I’m experimenting with Docker images having 20..70 GiB in a single layer (yes, the software/compiler is so fat). To improve the download and decompression efficiency of Docker, I’m splitting this fat layer into multiple layers of 3..6 GiB. I wrote a script writing one file per layer, containing one file or directory entry per line.
Finally, in a multi-stage Docker build, xargs and cp are used to copy the files (parallel) into the target layer.
RUN --mount=type=bind,from=monolithic,source=/opt/layers,target=/context
--mount=type=bind,from=monolithic,source=/opt/Xilinx/Vivado/${VIVADO_VERSION},target=/Install
if [[ -f /context/layer_1.list ]]; then
cd /Install;
xargs --no-run-if-empty --arg-file=/context/layer_1.list --max-procs=4 --max-args=25 -- cp --parents -r -t /opt/Xilinx/Vivado/${VIVADO_VERSION};
fi
While many layers have just a few lines, a few files have more than 100 entries (3rd column = entries per file):
#12 19.18 expected size: 48128.0 MiB
#12 19.18 min layer count: 16
#12 19.18 min. image size: 1002.7 MiB
#12 19.18 max. image size: 3008.0 MiB
#12 19.18 max. item size: 802.1 MiB
#12 19.18 Collecting data (this may take several minutes) ...
#12 19.18
#12 19.18 Time: 14.095 s
#12 19.18 Total files: 1029
#12 19.18 Total dirs: 3361
#12 19.18 Time: 0.021 s
#12 19.18 Total size: 52584.5 MiB (4331)
#12 19.18 Sort Time: 0.001 s
#12 19.18 Docker Layers: 25
#12 19.18 24 1307.3 MiB 3285 /context/layer_24.list
#12 19.18 23 1535.6 MiB 505 /context/layer_23.list
#12 19.18 22 1594.5 MiB 184 /context/layer_22.list
#12 19.18 21 1660.9 MiB 87 /context/layer_21.list
#12 19.18 20 1726.3 MiB 51 /context/layer_20.list
#12 19.18 19 1781.5 MiB 40 /context/layer_19.list
#12 19.18 18 1842.1 MiB 28 /context/layer_18.list
#12 19.18 17 1907.2 MiB 19 /context/layer_17.list
#12 19.18 16 1964.1 MiB 16 /context/layer_16.list
#12 19.18 15 1924.3 MiB 13 /context/layer_15.list
#12 19.18 14 2083.4 MiB 11 /context/layer_14.list
#12 19.18 13 2118.0 MiB 10 /context/layer_13.list
#12 19.18 12 2104.5 MiB 9 /context/layer_12.list
#12 19.18 11 2255.0 MiB 9 /context/layer_11.list
#12 19.18 10 2354.7 MiB 9 /context/layer_10.list
#12 19.18 9 2233.3 MiB 8 /context/layer_9.list
#12 19.18 8 2372.7 MiB 8 /context/layer_8.list
#12 19.18 7 2507.2 MiB 8 /context/layer_7.list
#12 19.18 6 2445.2 MiB 7 /context/layer_6.list
#12 19.18 5 2415.4 MiB 6 /context/layer_5.list
#12 19.18 4 2735.2 MiB 6 /context/layer_4.list
#12 19.18 3 2456.1 MiB 4 /context/layer_3.list
#12 19.18 2 2658.5 MiB 4 /context/layer_2.list
#12 19.18 1 2513.4 MiB 3 /context/layer_1.list
#12 19.18 0 2088.1 MiB 1 /context/layer_0.list
Because there is a file with more then 3000 entries, xargs is used with --max-args=25, so the maximum command line limit is not exceeded.
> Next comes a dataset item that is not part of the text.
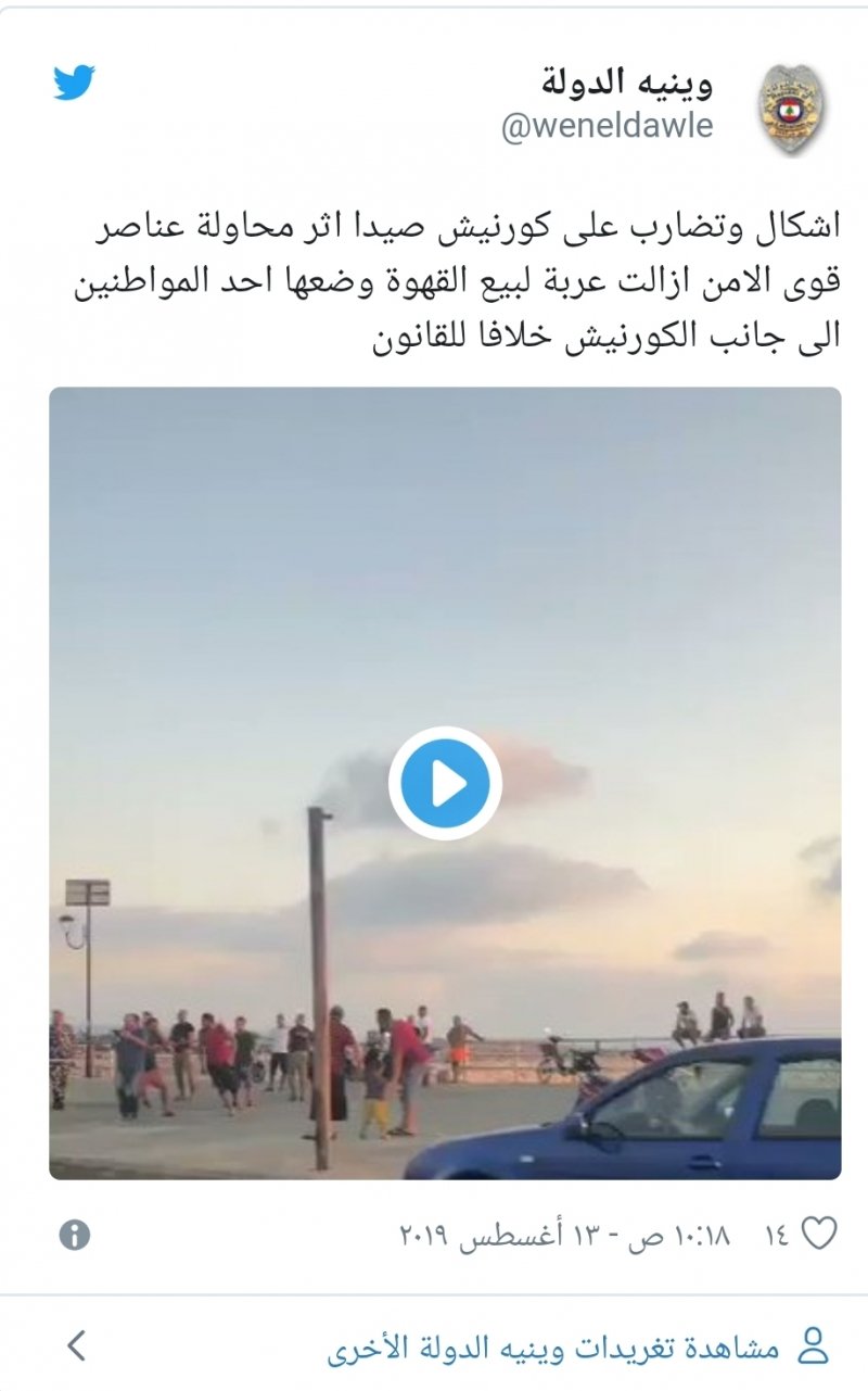 نشر حساب وينية الدولة على حسابه الرسمي على موقع التواصل الاجتماعي تويتر الخبر التالي : اشكال وتضارب على كورنيش صيدا اثر محاولة عناصر قوى الامن ازالت عربة لبيع القهوة وضعها احد المواطنين الى جانب الكورنيش خلافا للقانون

Otherwise a command could easily contain >30,000 characters. In addition, --max-procs=4 is used to fully utilize a 24 core CI server with NVMe memory. So cp can run 4-times in parallel. In total more then 100k files are copied into >20 layers.
cp is used with --parents and -r, so the source’s directory structure is recreated and entries can be either single files or subdirectories.
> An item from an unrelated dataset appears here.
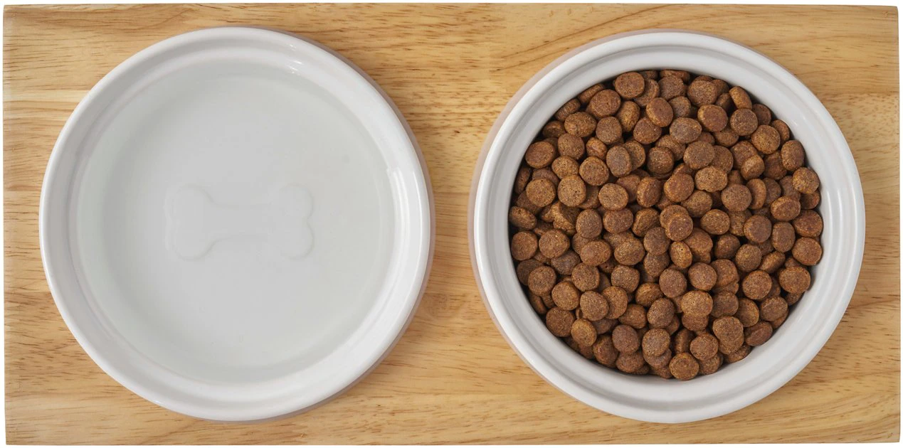 - Double diner design includes two white ceramic bowls and wooden stand.

When running this, I get this error message from cp:
#36 3.400 cp: cannot make directory '/opt/Xilinx/Vivado/2023.2/data/deca/models_dir/VersalDefault': File exists
My suspicion is xargs --max-procs isn’t compatible to cp --parents, but I can’t find any evidence in the documentations or online (Google, StackOverflow, …).
I suspect, because of overlapping directories and --parents, one cp was faster than the other parallel running cp causing this error message.
If so, should this be reported as a probelm/bug to cp?